Let’s say you’re flipping a dilapidated house. Your eyes are caked with plaster. Your hands are covered in splinters. You think the foundation could be solid, but they keep finding asbestos in the attic and termites gnawing at the support beams.
But then things started really turning around because, uh, you won the lottery. Upgraded kitchen. Gorgeous living room. One of those claw-footed tubs off the master suite. All the toil, all the trouble, it’s finally going to pay off …
… and then someone says the house isn’t yours to profit from.
And then he trades you to New Jersey.
“You get attached with a team, and when that’s taken from you, it’s disappointing,” said Taylor Hall, formerly of the Edmonton Oilers, now of the New Jersey Devils after the controversial trade that swapped him for defenseman Adam Larsson on Wednesday. “I feel like I’ve been a good solider for six years. I did as much as I felt I could on the ice.”
In six seasons after being drafted first overall by the Oilers in 2010 – ahead of Tyler Seguin, who Peter Chiarelli also traded while GM with Boston – Hall scored 132 goals and 196 assists in 381 games. He’s considered one of the top three left wings in the NHL. Hall didn’t consider himself part of the problem in Edmonton, but rather part of the solution.
“I voiced my disappointment with what happened,” said Hall, when asked about his conversation with Chiarelli.
Unfortunately for him, Chiarelli though Hall was a solution, as well – to a different problem, on the blue line.
“He felt that he was part of the solution,” said Chiarelli, “But this is the price that you have to pay. It’s unfortunate, for a player of Taylor’s caliber, but this is the price you have to pay.”
What is Chiarelli buying? Larsson was drafted fourth overall in 2011 by the Devils. His first few seasons were rather brutal – AHL stints, scratches, public admonishments from coach Peter DeBoer – but the last two seasons showed him rounding in a complete defenseman. He defends well. He logs minutes, to the tune of 22:31 last season. He moves the puck quite well and is right-handed, even if he doesn’t exactly have the best wheels. At 23 years old, the 6-3 Swede has a world of potential.
Which is to say that the Oilers traded an established star for potentially a great defenseman.
“It’s a significant trade,” said Chiarelli.
But will it be seen as a fair trade?
“I don’t know. I can understand when you look at the accomplishments of Taylor vs. Adam in this league, I can understand that [it might not],” said Chiarelli.
Which is, of course, an understatement: This is the kind of trade the artificial intelligence on video games and fantasy hockey leagues would deny teams from making.

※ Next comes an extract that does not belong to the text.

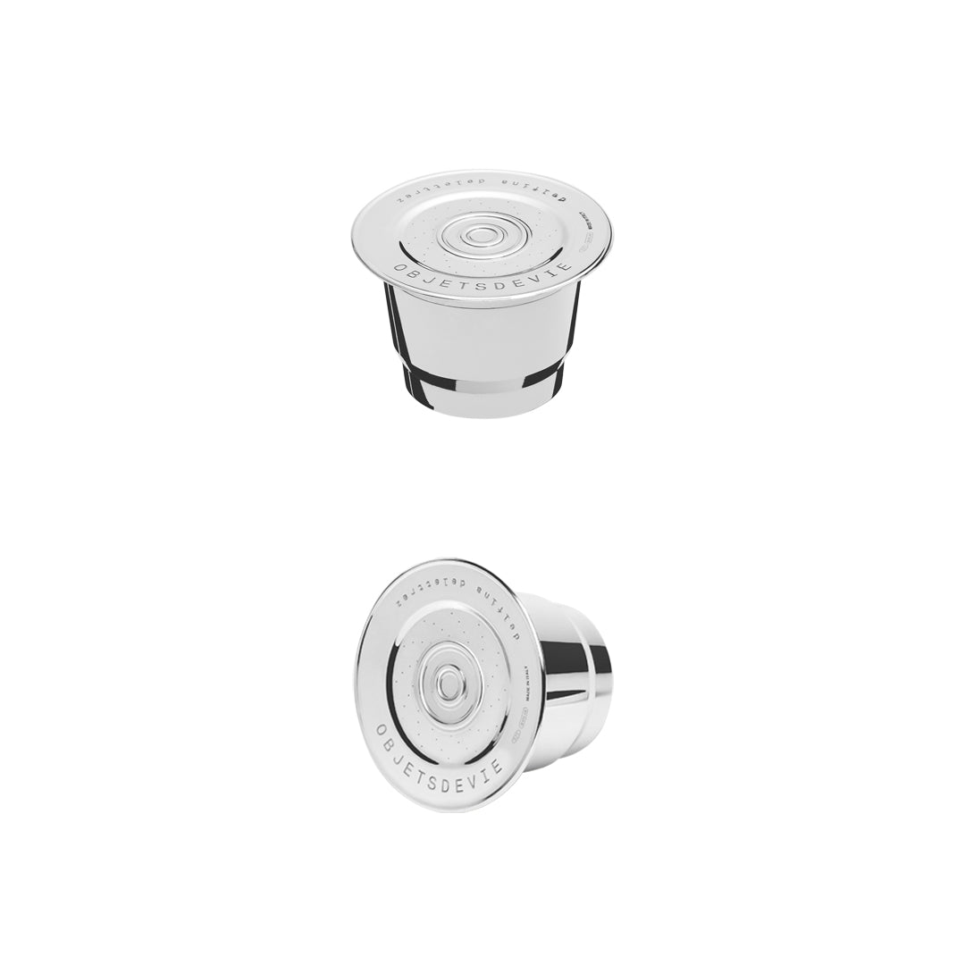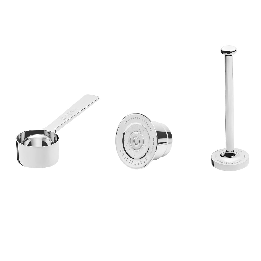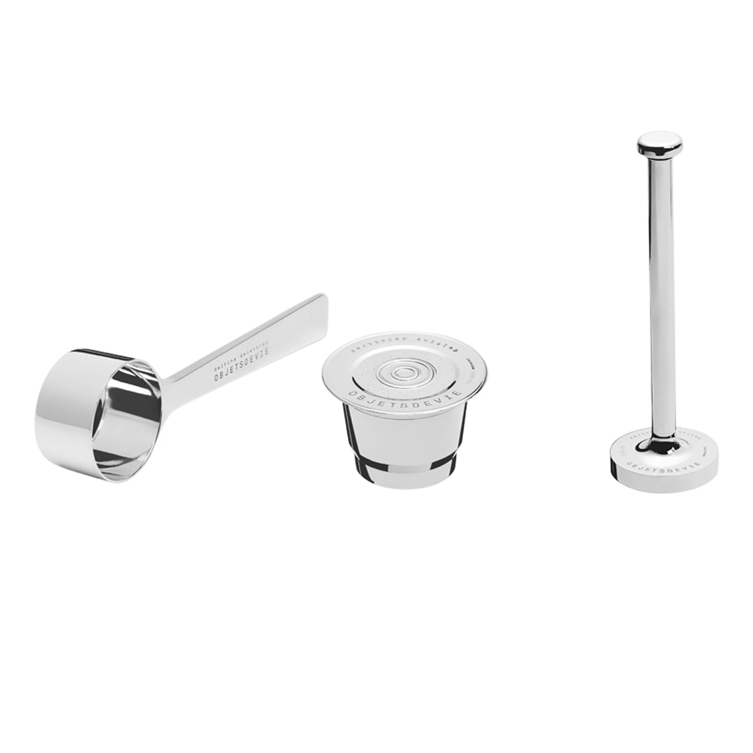 The Moro 925 is an engraved, antibacterial sterling silver set for espresso machine that elevates the concept of recycling. A tribute to the coffee ritual, this set include a measuring spoon, a tamper, and a capsule adapter, each element is designed to enhance the coffee experience with precision and style. Its minimalist design and engraved surfaces make it an exclusive piece, perfect for those who appreciate the art of coffee preparation in every detail.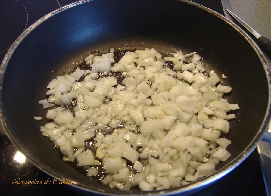 En la misma sartén, añadir la cebolla y el ajo y freír a fuego suave durante unos diez minutos hasta que esté blanda y dorada ligeramente.

But Chiarelli believes in Larsson’s abilities to become a player that, eventually, tips this trade in favor of the Oilers – not in being a better player than Hall, per se, but by helping to build a blue line that isn’t close to playoff caliber right now.
“He’s not a sexy defenseman. He doesn’t deserve to be in the spotlight because he hasn’t done it yet,” said Chiarelli.
Hall has, which is obviously why the Devils felt they needed to deal their best young defenseman for him. It’s a team that desperately needs goals. It’s a franchise that desperately needed a star. Hall reunites with Adam Henrique, his junior teammate, and the Devils hope that’s a winning combination.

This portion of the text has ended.